From Lenin to Xi Jinping

How the Chinese Communist Party has buried the revolutionary spirit of 1917

Written by Pratap Bhanu Mehta | Updated: November 2, 2017 11:01 am
xi jinping, china, communist party of china, china political revolution, chinese communist party, stalinism, leninism, Maoism, cpc, jingping mao, President Xi jinping. (File)

The 100th anniversary of the Bolshevik Revolution this month has passed without too much discussion. This is for entirely understandable reasons: The meaning of 1917 has to a great degree been eclipsed by the meaning of 1989. The more we learn about the revolution from new archives, or rescue it from encrusted Cold War histories, the more difficult it is for even the last remnants of Communist nostalgia to hold onto any idea of commemorating it in a celebratory spirit. The revolution had far-reaching effects, no doubt. The ways in which Bolsheviks acquired, and more importantly, held onto power, still repays study.

The avoidable human catastrophe the revolution unleashed is still something the world is coming to terms with. Due to recent historiography, it has become even harder to detach the subsequent history of the Soviet Union from the revolutionary moment. The distinction between Stalinism and Leninism has become harder to sustain.

But in so far as there is some discussion of the meaning of 1917, there are attempts to recapture the revolutionary spirit in its more metaphysical form, to make some nostalgia about it more acceptable. Forget the events, this view goes, look at the meaning. The revolution was at least an assertion of political agency, a small group determined to remake the world. Without a revolutionary ideal we feel disempowered as political agents. But Hannah Arendt made short shrift of reading the revolution this way. On revolution as an act of historical agency, she wrote, “They were fooled by history and they have become fools of history.”

The revolution, it was claimed, aspired at popular empowerment. It turns out its connection with popular uprisings was tenuous. It devoured the very peasants in whose name it spoke. The revolution was no dawn of freedom; like almost all revolutions it led to an unprecedented growth of state power and coercion. But the last sliver of metaphysical nostalgia about the revolution is that it had utopian aspirations. The revolution may have had a millenarian element, but it was not an embodiment of utopia.

In fact, one of the lessons is that you can hold onto a utopian imagination only if it is detached from a revolutionary one; revolution is the death knell of utopia. But finally, some hold onto 1917 as a signifier of alternative possibilities. It may have gone horribly wrong, but to entirely give up on the idea of revolution is to be trapped in current horizons, where we cannot imagine an alternative to the current system. The revolution is significant on this view as keeping open the horizon of an alternative world. But the question is: Why do you need a revolution to keep the idea of the alternative alive?

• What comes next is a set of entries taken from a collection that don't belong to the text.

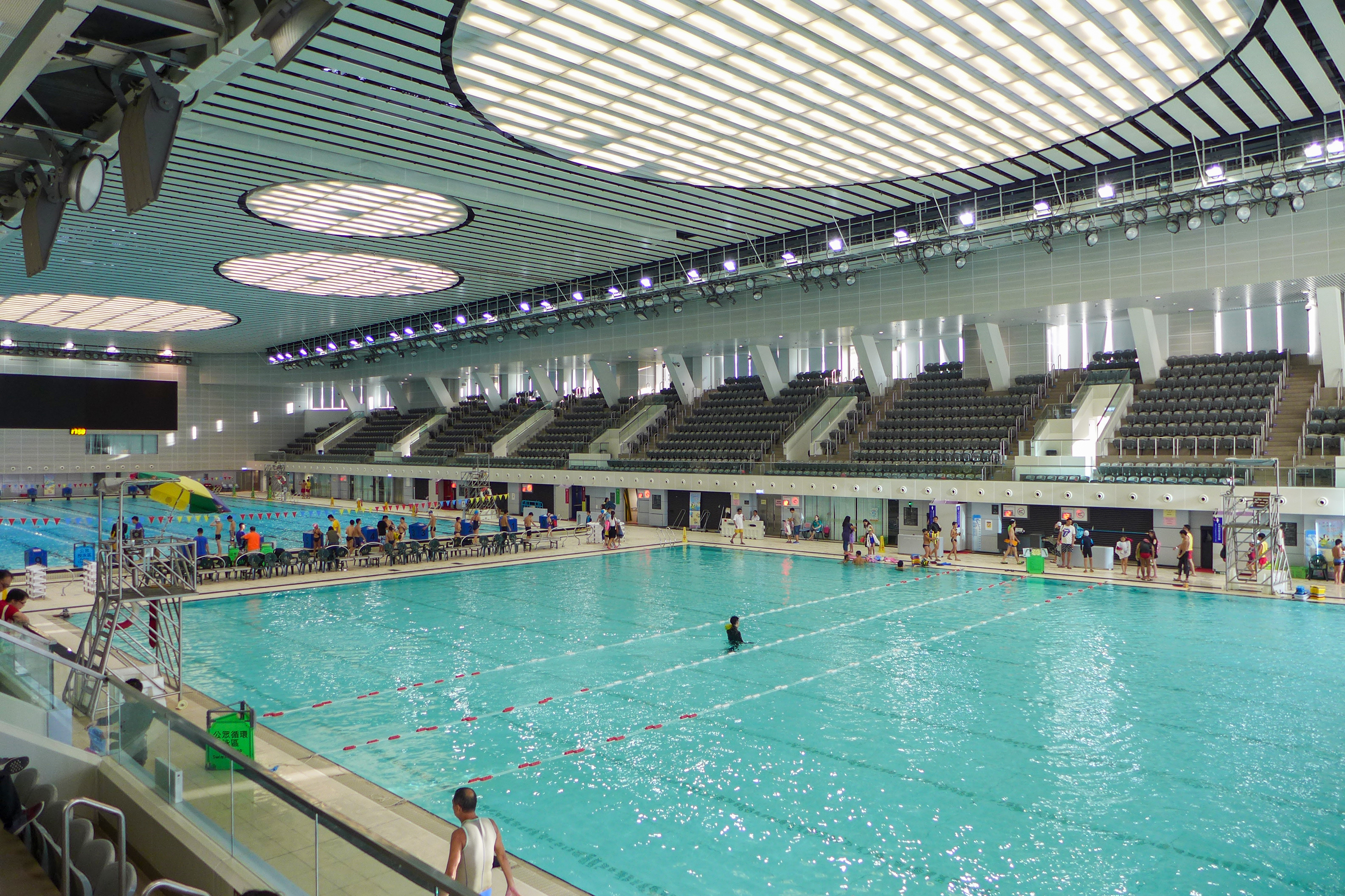 Victoria Park Swimming Pool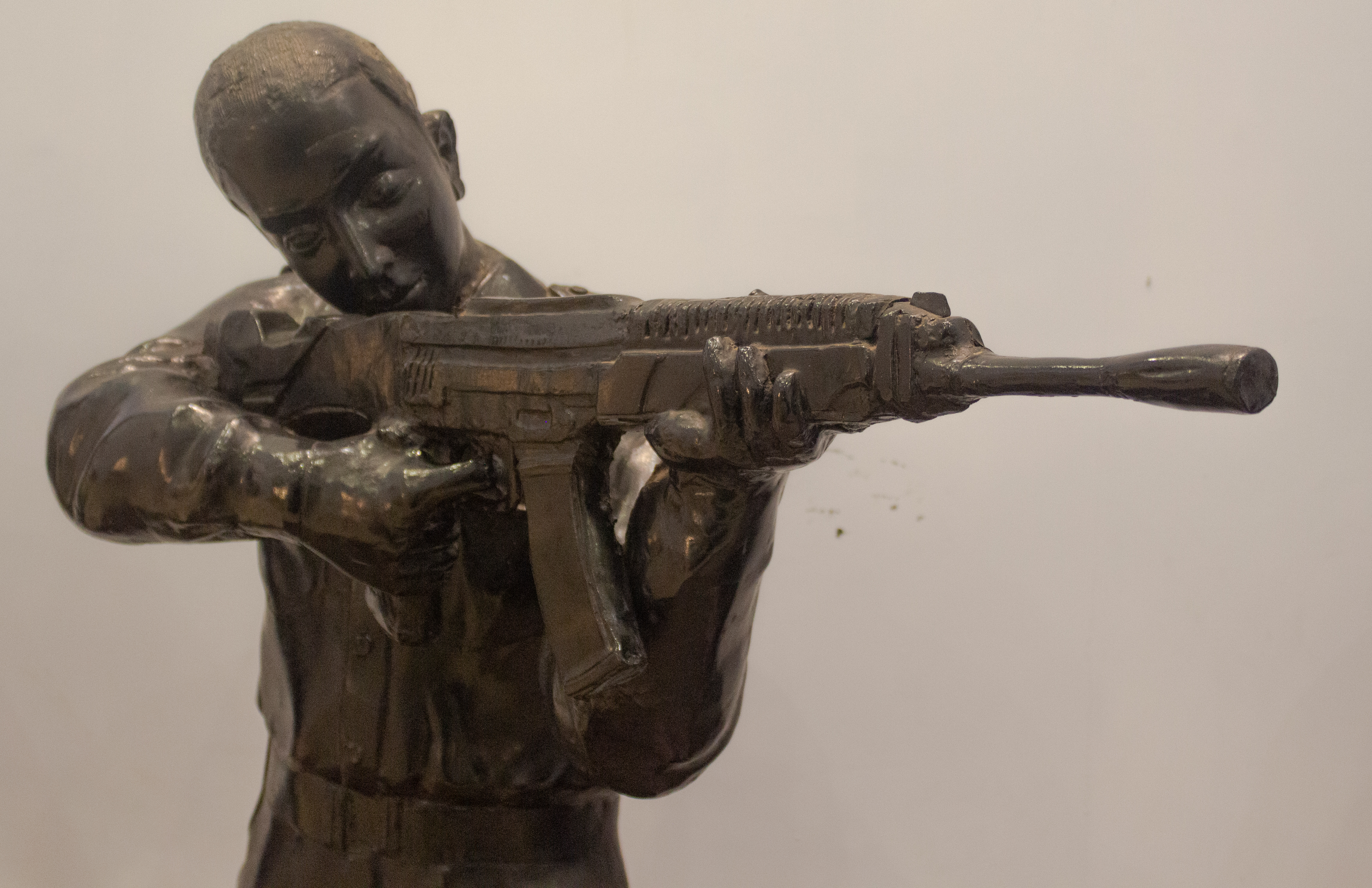 Statue of a Marine Commando of the Indian Navy, on display at Visakha Museum, Andhra Pradesh, India. Object location17° 43′ 14.55″ N, 83° 20′ 01.79″ E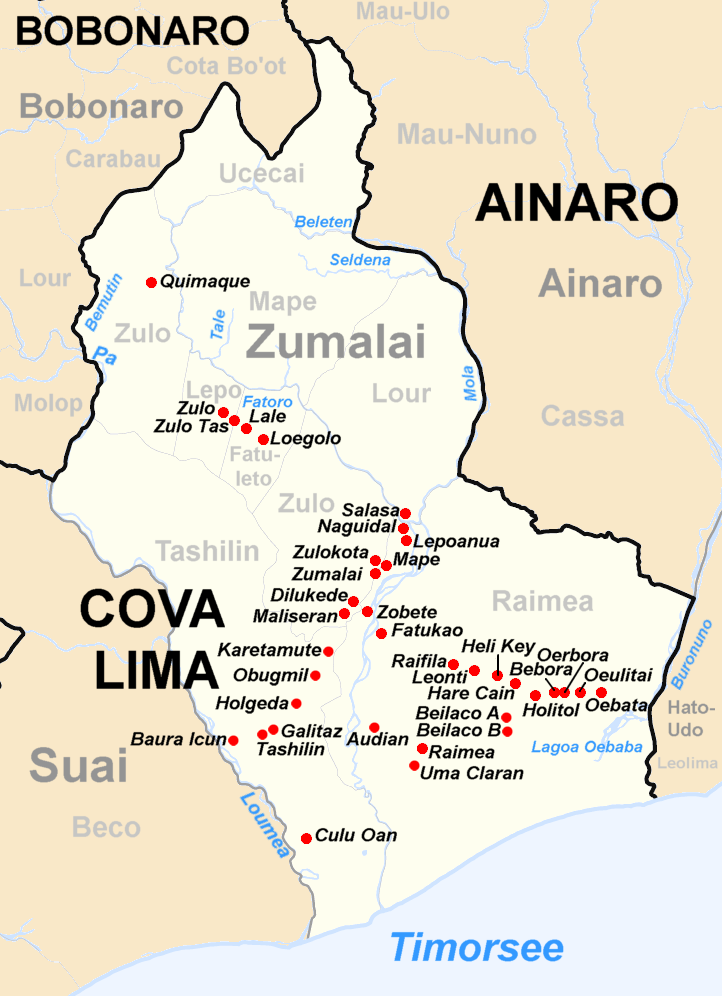 Administrative map of the Zumalai subdistrict of East Timor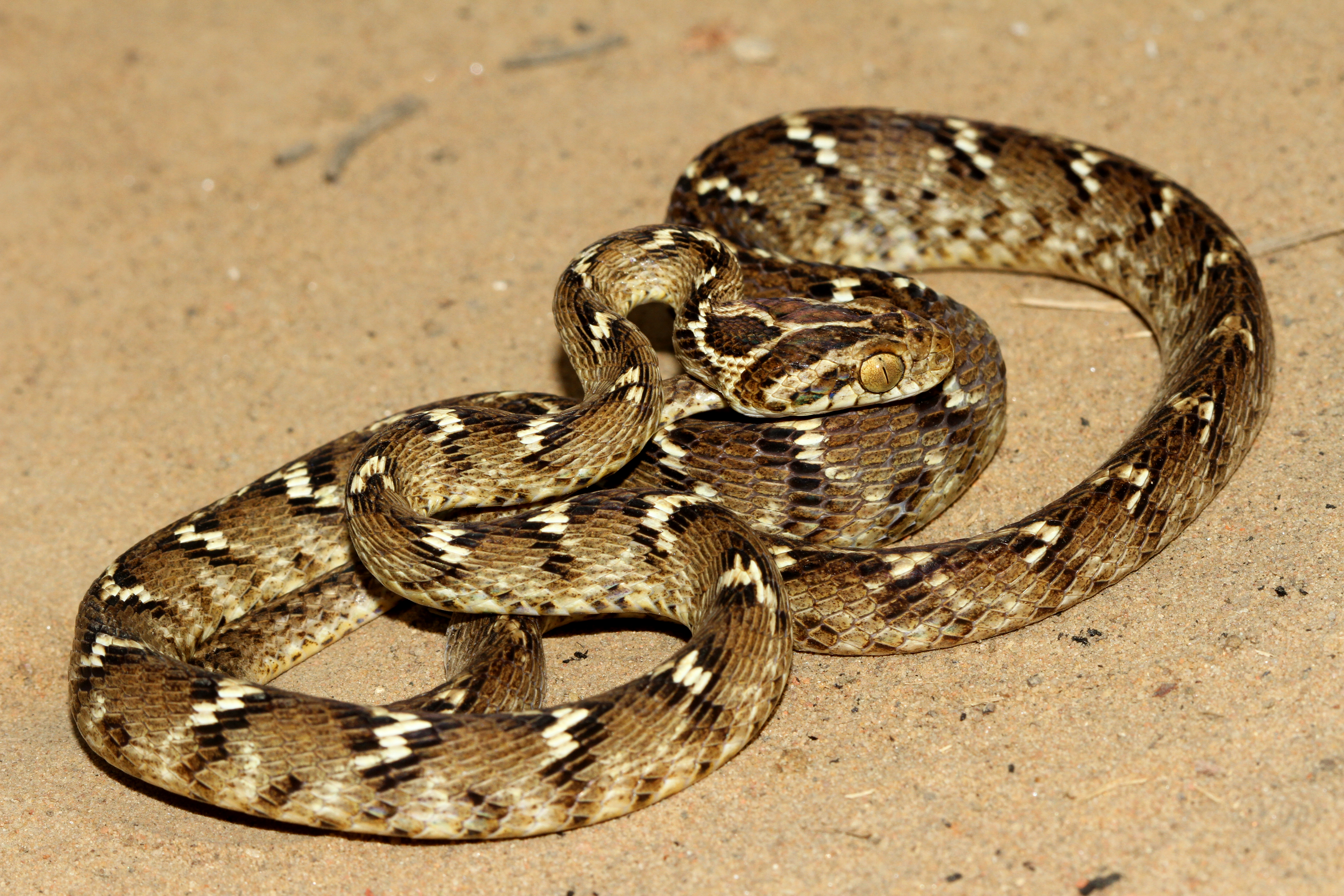 Reptiles from India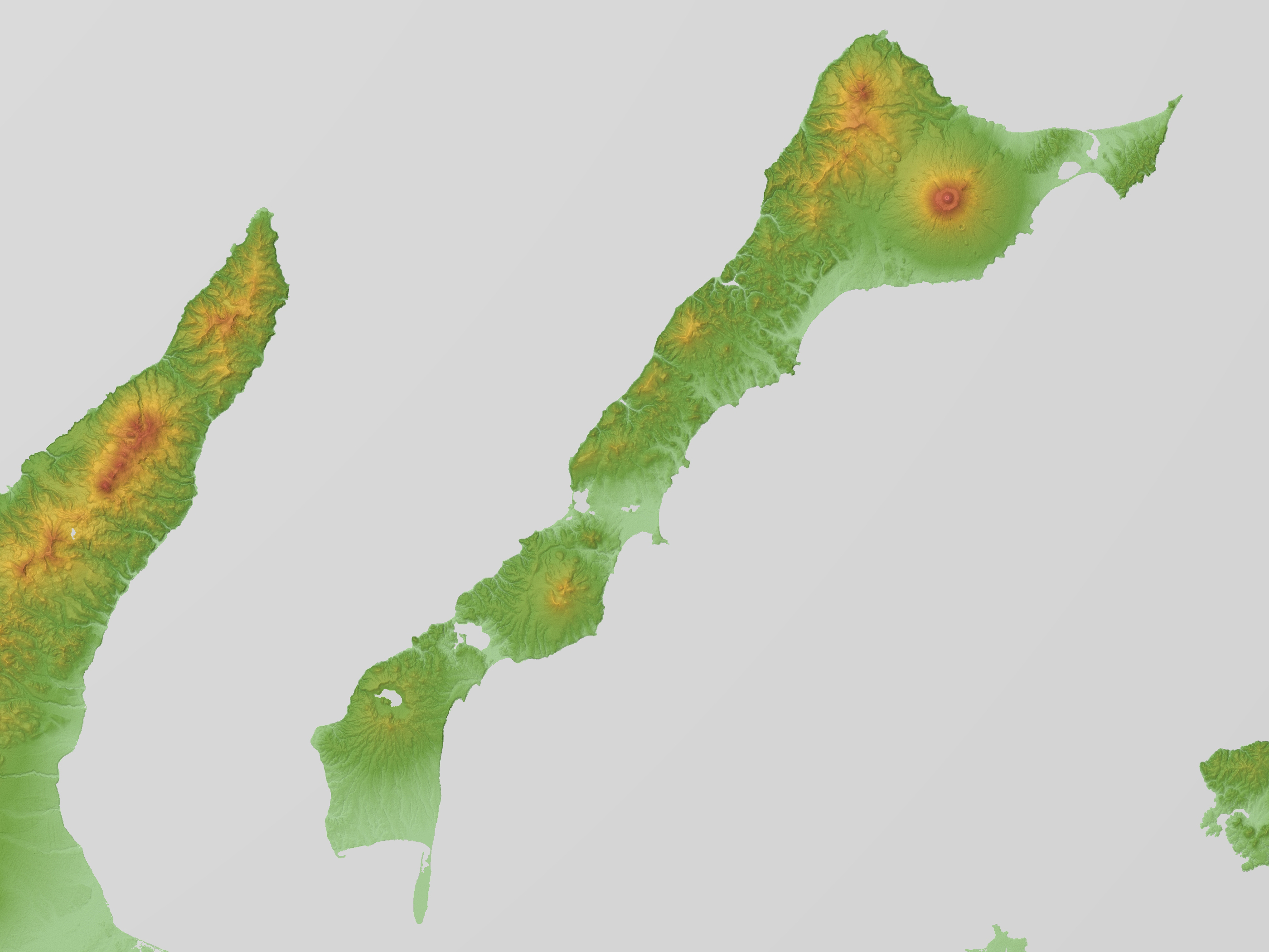 Kunashir Island in Kuril Islands, Russia.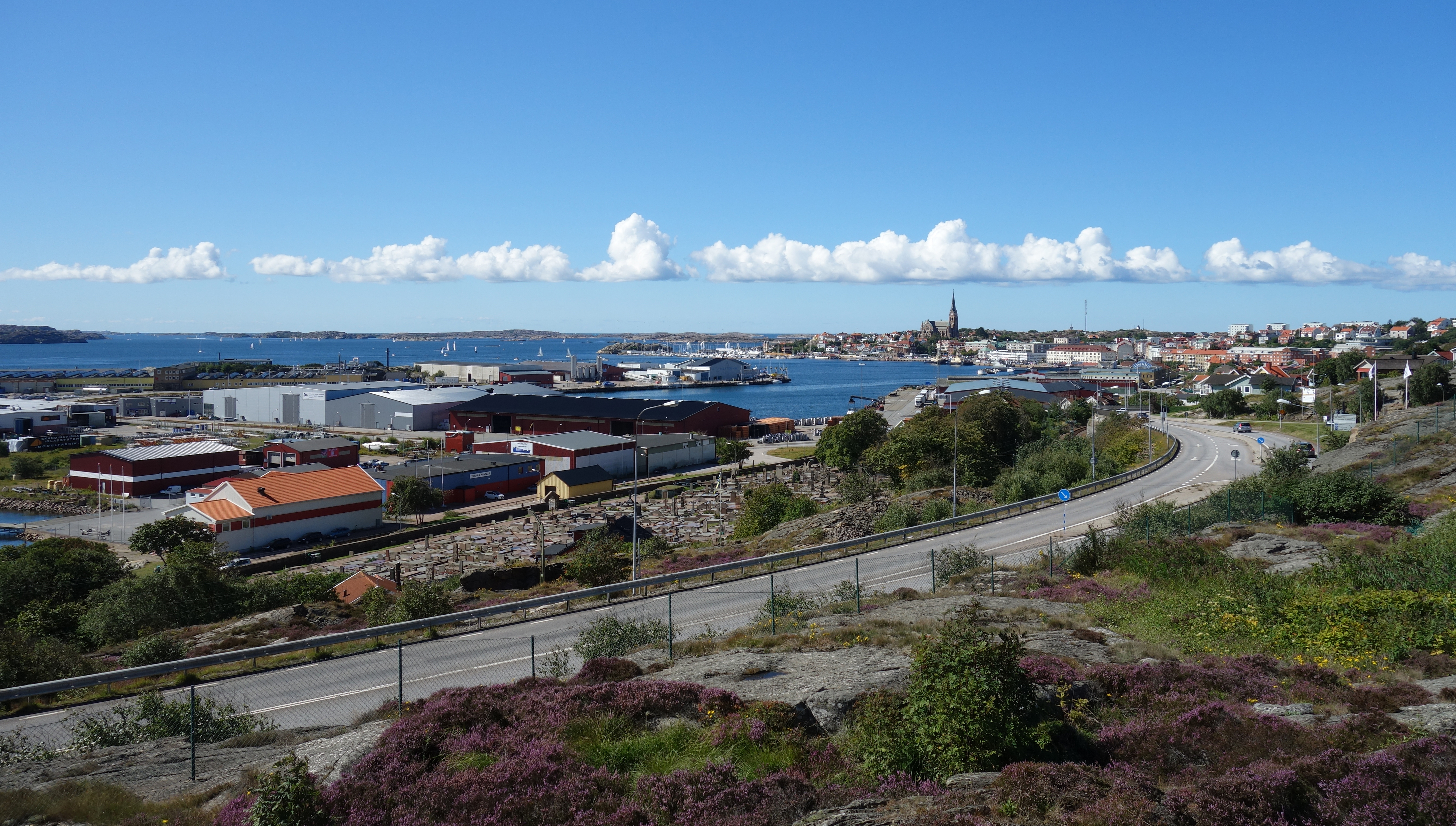 Southeast Lysekil, the inlet, Grötö industrial area and the south harbour seen from Åkerbräckan, Sweden. The Åkerbräckan cemetery in the forefront.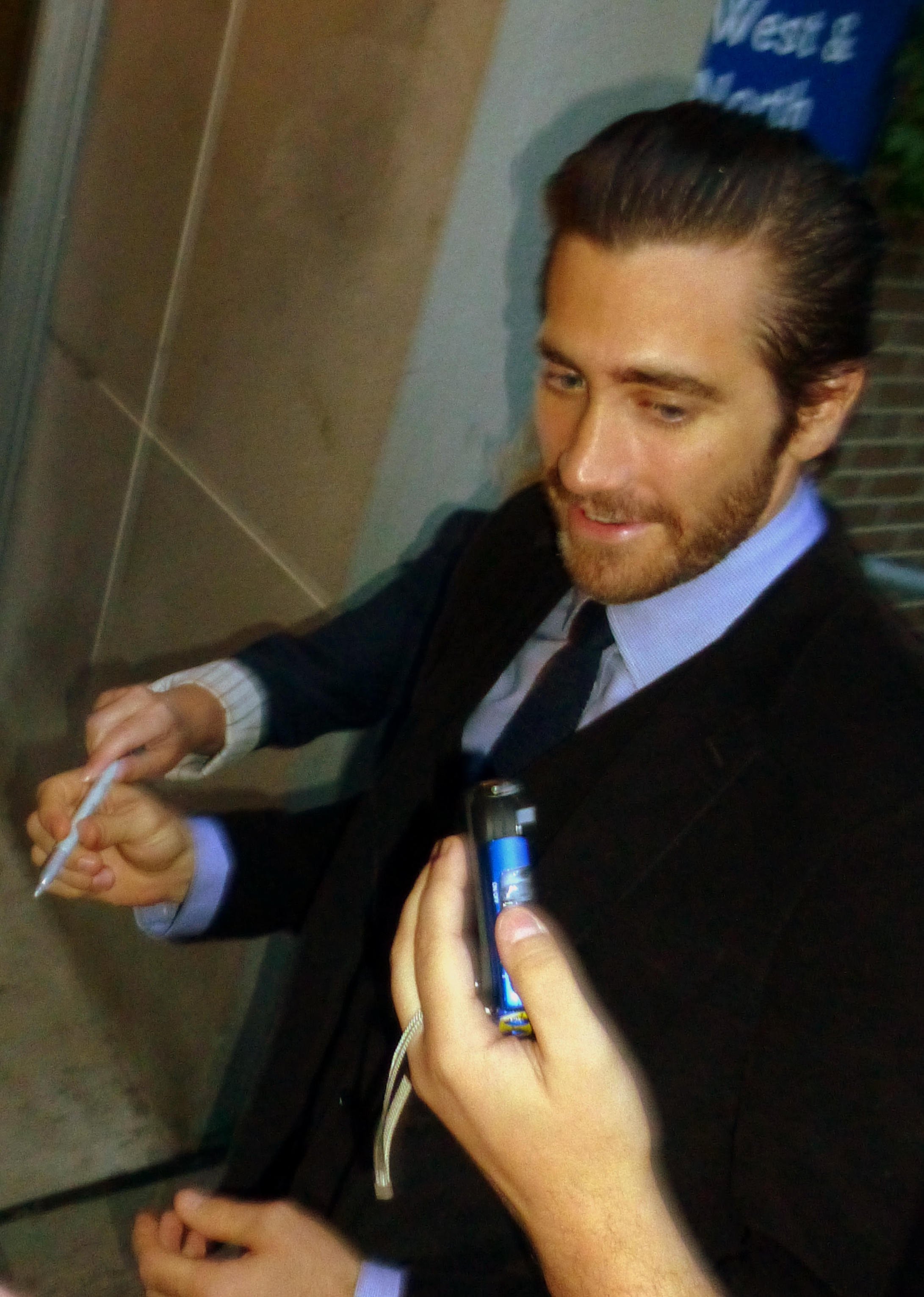 Jake Gyllenhaal at the premiere of Enemy, Toronto Film Festival 2013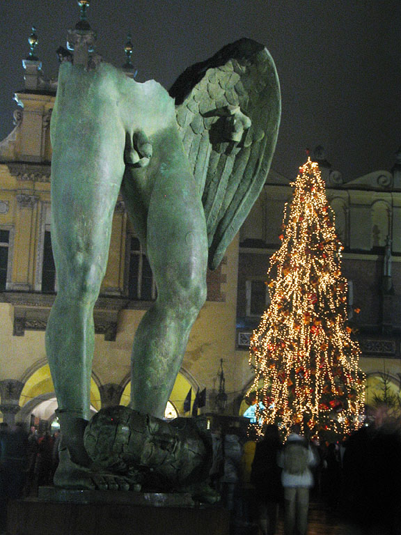 Igor Mitoraj's sculpture, Gambe Alate (bronze), 2002 Exhibition "Igor Mitoraj - Sculptures and Drawings" (October 17 2003 to January 25 2004) at marketplace in Kraków. In the bacground: Sukiennice (cloth hall).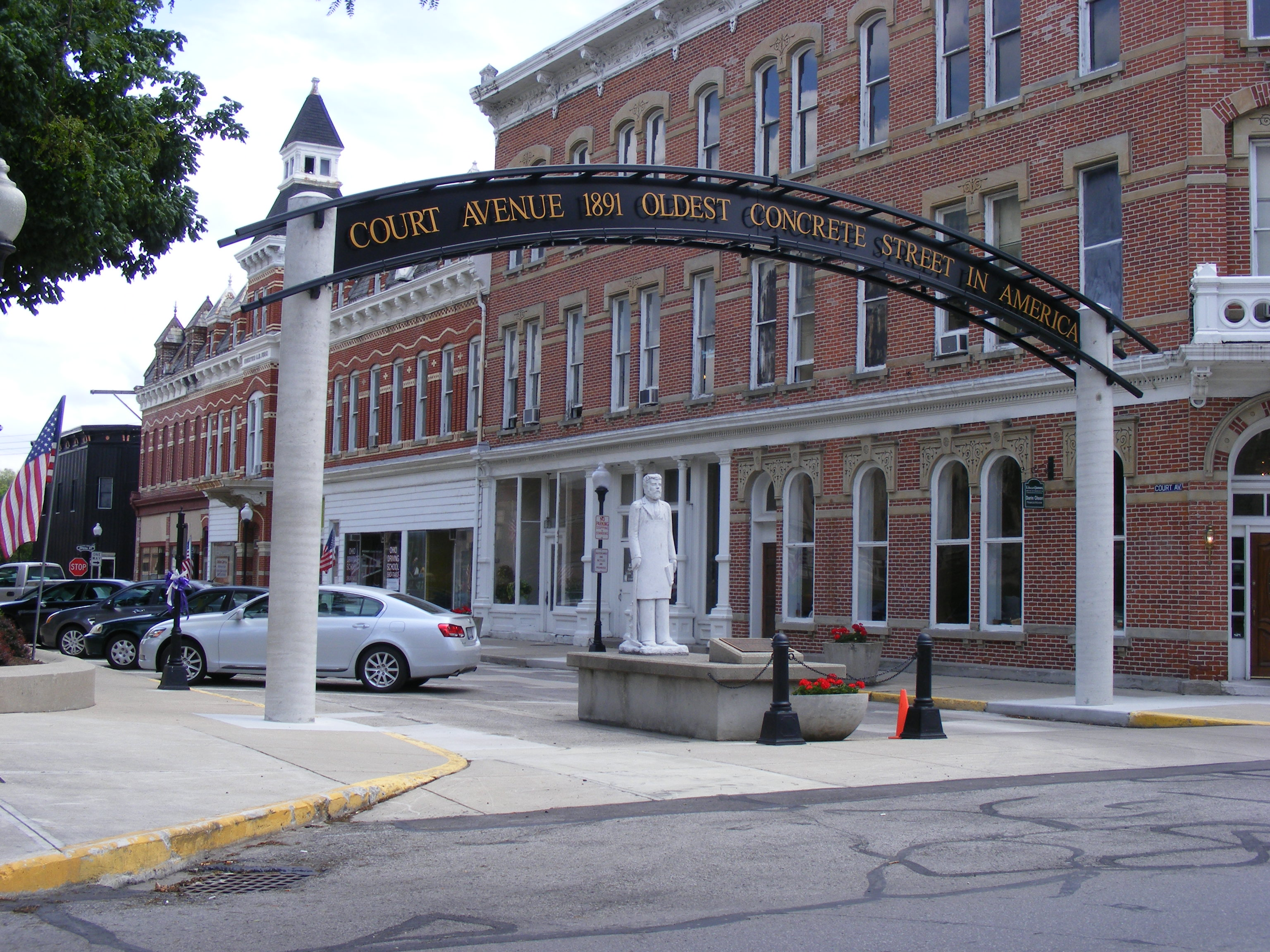 Court Ave, Bellefountaine, Ohio

But the invocation of 1917 is dimmed not simply because the Soviet Union lost the Cold War, as it were. It has been dimmed by another spirit: The Chinese Communist Party. It could be argued that the triumph of the Leninist party system has been in China. China also sees itself as having the good sense to hold onto Communist party rule, even as it opened up the economy. The 19th Party Congress has raised the question of the extent to which China is an alternative model, a competitor that makes us think outside the current horizons of capitalist existence. China is, of course, a competitor to liberal democracy, and as it grows more authoritarian, the tensions with individual freedom become starker. There is some debate about whether China now seeks to export its model. Richard McGregor, an authority on the Chinese Communist Party, wrote in The Guardian, referring to the confidence of the 19th CPC: “It (China) has always extolled the value of its system, but has never explicitly suggested it was something that could be exported around the world.”

There is no question China seeks greater ideological legitimacy for its model. It will propagate it as a model to learn from. Part of seeking status is to have the success and legitimacy of one’s political system acknowledged. China perceives the normative subordination to which it is subjected by the West as a matter of affront. But there are reasons to be sceptical about the idea of exporting a Chinese model. For starters, Maoism was more explicitly an exportable ideology than “Xi thought” might be.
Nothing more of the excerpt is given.